The Drowned World
The Drowned World
An artificial forest assembled from plants closely related to those of the Carboniferous Period grows from the industrial ruins of a gasworks. These plants once formed swamplands that stretched across the globe. Over millennia, their buried remains hardened into the very coal used at the gasworks. As this coal was heated and burned, carbon captured from the air 300 million years ago was again released, and an ancient atmosphere in part restored.

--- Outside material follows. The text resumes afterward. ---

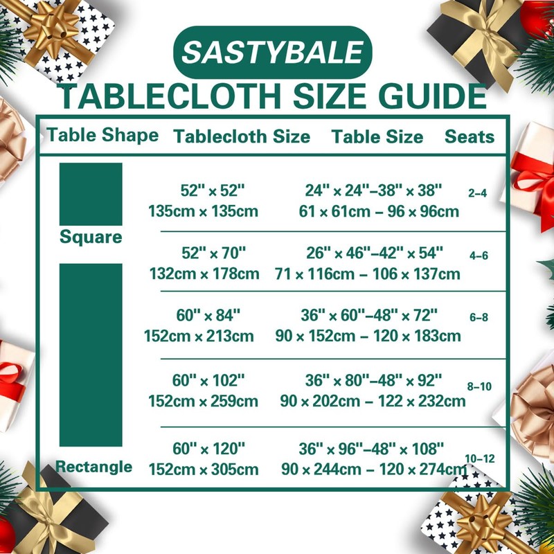 SASTYBALE Christmas jacquard Tablecloth are available in a large selection of sizes and shapes for all of your holiday entertaining needs. Sizes available are: 20x20 napkin , 52 x 52 Square , 52 x 70 Rectangular, 60 x 84 Rectangular, 60 x 102 Rectangularl,60 x 120 Rectangular. Perfect for decorating for Harvest, Autumn and Thanksgiving, Christmas and Winter Holiday parties, banquets, dinners, entertaining and everyday use.

A decorative pool glows blue-green, a living monochrome. The pool is colored by cyanobacteria, ancient organisms that were the first chlorophyll photosynthesizers: the first green. Their emergence over two billion years ago set in motion the biological process by which light and air could be transformed into organic materials--the basis, also, of fossil fuels. This process released oxygen into the air for the first time. Toxic to nearly all life that had evolved until that point, atmospheric oxygen triggered a mass extinction of a scale perhaps unmatched in earth's history.
First Forest, 2018. Polypodiopsida, Cycadopsida, and Araucariaceae species installed in coal gas plant; irrigation system; steel viewing platform. Dimensions variable.
Cyan Sea, 2018. Cyanobacteria, water, LED lighting, air pump, mineral and nutrient media in decorative fountain. Dimensions variable.
The Drowned World was included in Manifesta 12 in Palermo, Italy.